3-Expert (read the paper in detail, know the area, quite certain of my opinion)

The basic idea of the paper is to formulate the two problems, source detection and causal covariate selection, into cardinality constrained directed information (DI) maximization problems. It is then shown that the objective function of source detection which is precisely the DI from selected set to its complement is submodular, although not monotonic. It is also shown that the problem of causal covariates selection which is the DI from selected set to some target process is not submodular, however, the authors define a new notion called "near-submodularity" which holds in this case (at least in some problem instances).
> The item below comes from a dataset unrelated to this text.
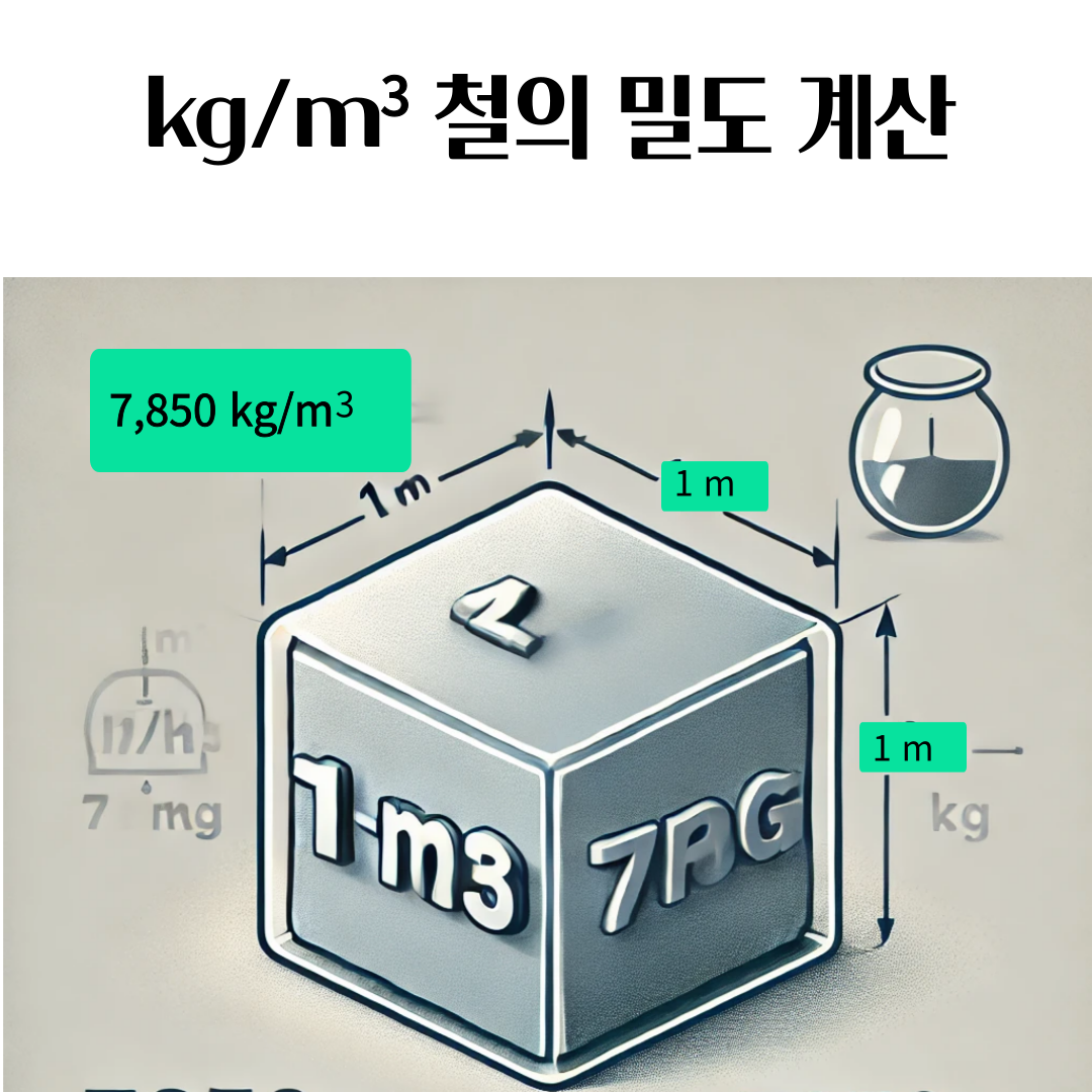 따라서 철의 밀도는 \(7850 \; \text{kg/m³}\)로 계산됩니다. 이 값은 순수한 철의 밀도를 나타냅니다.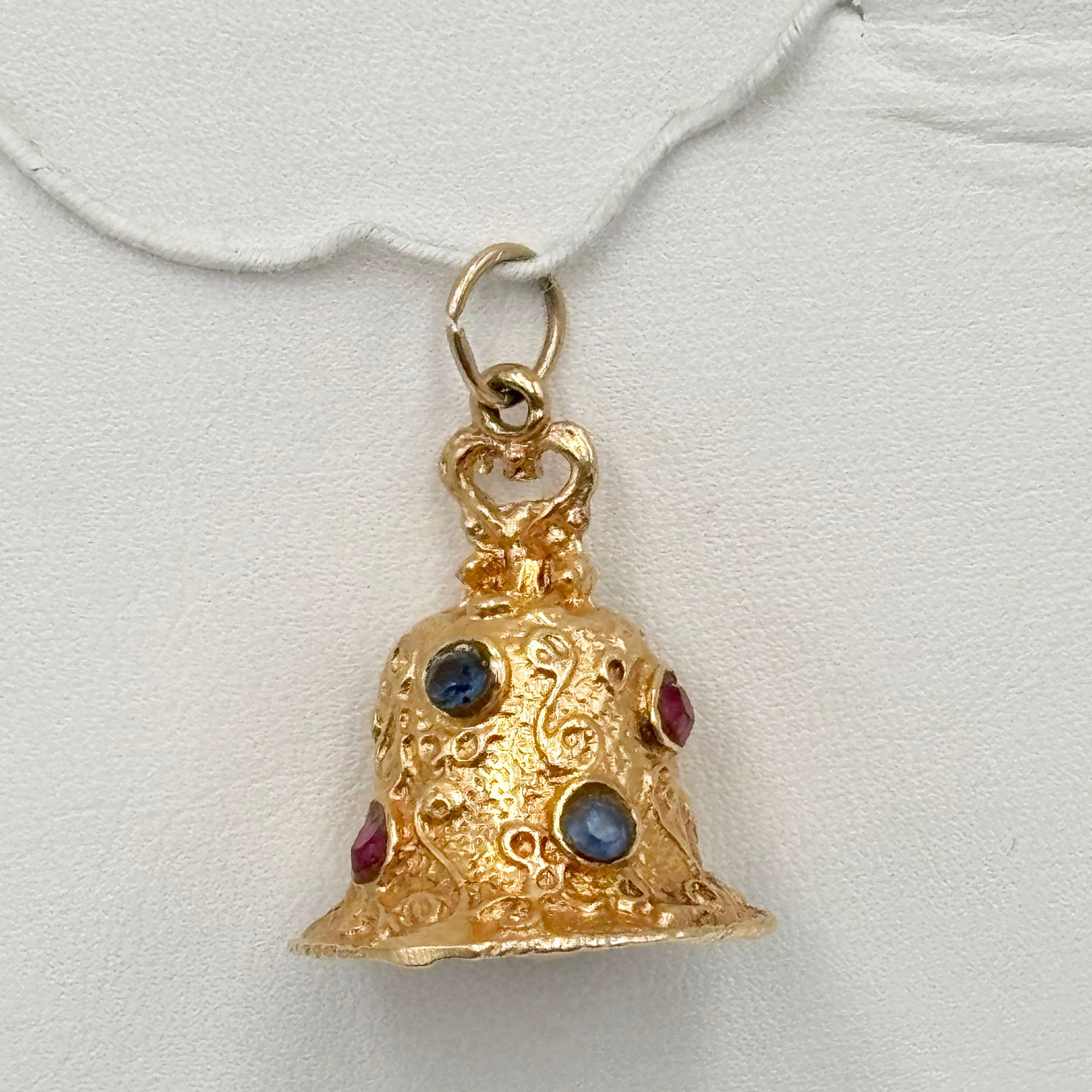 14K Yellow gold bell charm with pearl on the inside and synthetic ruby and synthetic sapphires on the outside of bell, in excellent condition

A novel quantity, namely submodularity index (SmI), for general set functions is introduced to measure how "submodular" a set function is. for a non-submodular functions SmI is negative. But if SmI is not so small, then the algorithm random-greedy will still perform near-optimally (even for non-monotone functions). As a separate contribution, the authors derive near-optimality bounds of the performance of the random-greedy algorithm based on SmI. Such bounds are then incorporated into analysing the behaviour of random greedy on the two main problems considered in the paper (i.e. source detection and causal covariate selection). In general, computing SmI may be intractable (exponential in size of the ground set). Hence, the authors provide a simple lower bound for SmI for the two problems considered. These theoretical results are then verified by numerical experiments.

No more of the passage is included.